I give her a withering look. “This isn’t about blame, but if it was, I wouldn’t just be blaming him.”

“Kasie!” this time from my father.

“This is about living with consequences. We made mistakes with Melody. Maybe if we can accept that, we can work through it. Maybe we can stop denying that she existed! I came here because I accept my mistakes, the mistake of accepting Dave’s ring, the mistake of getting involved with someone else before ending it with him . . . oh, and I’ve made so many mistakes in the way I’ve handled myself with Robert Dade. I f*cked up and it’s affected every aspect of my life. I quit my job because of all the mistakes I’ve made.”

“Wait a minute,” my father says, his anger quickly switching to concern. “That’s the top consulting firm in the country! Unless they’re demanding your resignation—”

“They’re not but I can’t stay. Everyone there knows what I’ve done; they don’t trust me, don’t respect me, and don’t want to work with me. That’s the consequence of my actions. And maybe it’s not fair but that’s life. I want to live life, Dad,” I say, my voice breaking ever so slightly. “I want to live life the way it actually is. I’m so, so tired of illusions.”

My mother reaches for me again. “Sweetie, you’re overwrought. If this Mr. Dade fellow is as successful as you make him sound, and if he does care for you, well maybe you could make a go of it. No one needs to know how it all began. And you wouldn’t even have to work! You could get involved in a charity! You could say it was a choice you made because . . .”

She keeps speaking but I can’t hear her anymore. She’s just painting another pretty picture, a portrait of me that skips over my flaws . . . my strengths, too, for that matter. I stare at the mantel above the fireplace. There are pictures of me, of them, of my grandparents. . . .

There will never be a picture of Melody there. No one in this room is equipped to teach me how to face up to reality. I look at my mother as she speaks, my father as he stews . . . there’s no point in being angry. It won’t get me anywhere.

I let go of my mother’s hand and take a deep, cleansing breath to help me regain my composure before I kiss my father on the cheek. “Thank you for letting me talk,” I say quietly, resignedly. I lean down and give my mother a kiss as well. “I love you,” I say to both of them.

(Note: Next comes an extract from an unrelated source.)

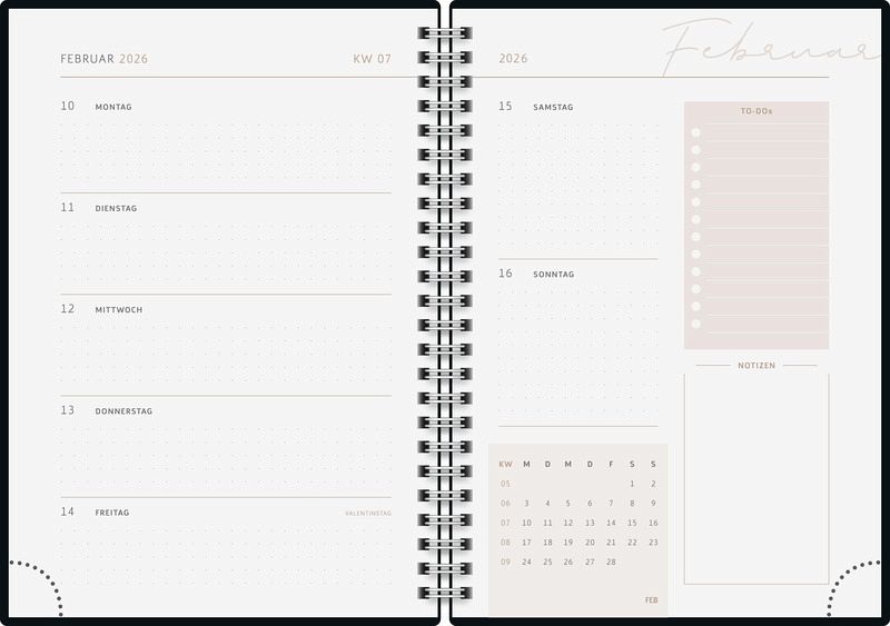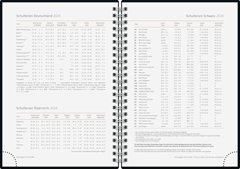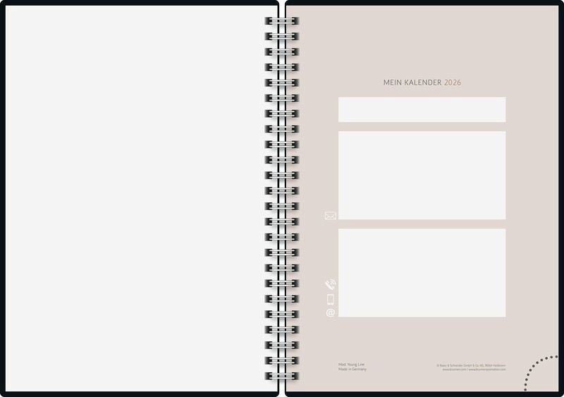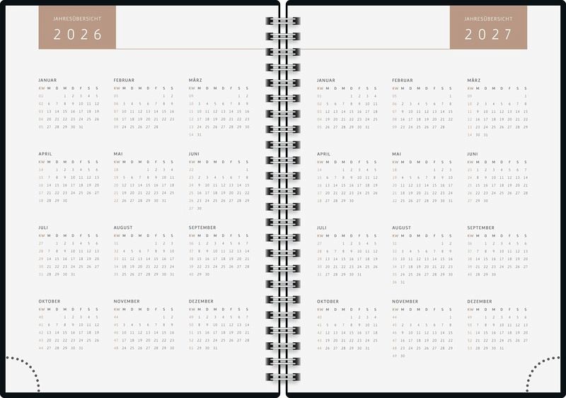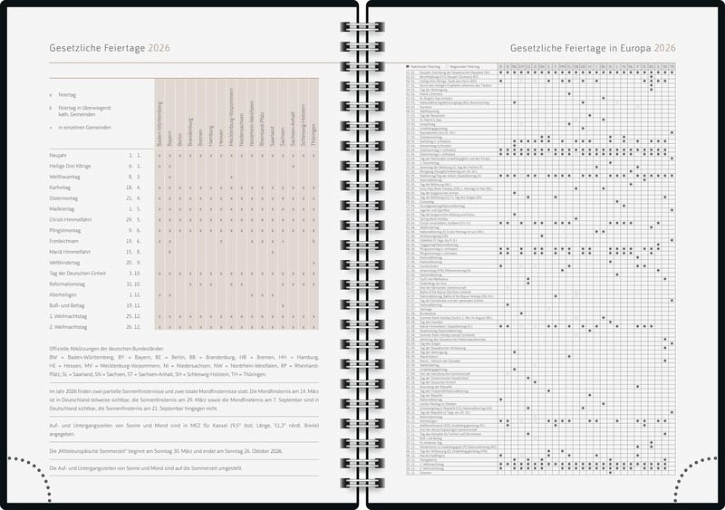 Blattgröße: 148 × 210 mm 2 Seiten = 1 Woche 160 Seiten, Druckfarbe Kalendarium: braun 90 g/m², Wire-O-Bindung Grafik-Einband, Farbe: bunt, goldfarbene Prägung Jahresübersicht aktuelles Jahr und Folgejahr, 12 Seiten Monatsplan aktuelles Jahr, 6 Seiten Folgejahr, Ferientermine Deutschland, Österreich und Schweiz, 16 Seiten Notizen Eckperforation für Kalenderjahr 2026

I gather up my purse, head to the foyer where my shoes wait for me. My mother makes a little cry of confusion but it’s only my father who follows me.

I sit down on their quilted leather armchair and fasten the buckles of my heels.

“It wasn’t our fault, you know,” he says, his voice soft but determined. “She simply refused to listen. A psychiatrist couldn’t have helped us with that. I tell you, there’s nothing we could have done differently. Not a damn thing that would have helped. If there was . . . I would have known. I wouldn’t just . . . I would have known. Nothing to be done.” Each word is a little meeker, a bit more desperate.

I stand up, give him a hug that’s a bit too hard and lasts a moment too long.

“Of course not,” I say. “You did everything you could.” And then I kiss him again and say good-bye.

Because I can’t change him. And because this is an illusion he wears as a life vest and I don’t have it in me to take it away just to see him drown.